Static Analysis Fundamentals

Module 3 — Program Analysis Bootcamp

CFGs
Control Flow
Lattices
Dataflow Framework
Fixpoint
Analysis Results

Instructor: Weihao  |  Office Hours: By appointment, HH227

Learning Objectives

What You'll Learn

  • Construct control flow graphs from source code
  • Apply the dataflow analysis framework (lattices, transfer functions, fixpoint)
  • Implement reaching definitions, live variables, and available expressions
  • Compare forward vs backward and may vs must analyses
  • Evaluate interprocedural analysis trade-offs

Prerequisites (from Modules 1-2)

AST Knowledge: Structured representation, tree traversals, node types

Mathematical Foundations

  • Set Theory: Union (∪), intersection (∩), difference (\)
  • Graph Theory: Directed graphs, nodes, edges, paths, cycles
  • Functions: Domain, range, composition
The Analysis Pipeline: Source Code → AST (structure) → CFG (execution paths)Dataflow Analysis (properties) → Results

Why Control Flow Graphs?

ASTs show structure. CFGs show execution paths. How many paths exist in this code?

let example x y =
let a =
if x > 0 then 1
else 2
in
let b =
if y > 0 then a
else -a
in
b
Key insight: 2 branches × 2 branches = 4 distinct paths. CFGs make every path explicit — that's why static analysis needs them.

Basic Blocks

A basic block is a maximal sequence of statements with one entry, one exit, and no branching except at the end.

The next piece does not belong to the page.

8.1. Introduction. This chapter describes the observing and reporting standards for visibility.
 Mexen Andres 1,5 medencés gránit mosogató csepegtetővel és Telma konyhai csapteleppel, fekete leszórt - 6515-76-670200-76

Click Step to see how block boundaries are identified:

let example x =
let a = 1 in
let b = 2 in
let c =
if a > b then
a + b
else
a - b
in
print_int c
New block starts at: (1) Function entry, (2) Branch targets (after if/else/loop), (3) Statements right after a branch or jump.

CFG Patterns

Three fundamental patterns — click to explore each:

Nested Structures

Real programs combine patterns. Step through to build a CFG with nested if + for loop:

let complex x y =
if x > 0 then begin (* B1 *)
for i = 0 to y-1 do (* B2 *)
if i mod 2 = 0 then (* B3 *)
print_int i (* B4 *)
(* else: skip *) (* B5 *)
done;
x + y (* B6 *)
end else
0 (* B7 *)
(* merge *) (* B8 *)

Predecessors & Successors

Click any node to see its predecessors (blue arrows in) and successors (green arrows out):

Click a node on the CFG to inspect its predecessors and successors.

Why it matters: Dataflow analysis propagates information along edges. Predecessors feed data IN, successors receive data OUT.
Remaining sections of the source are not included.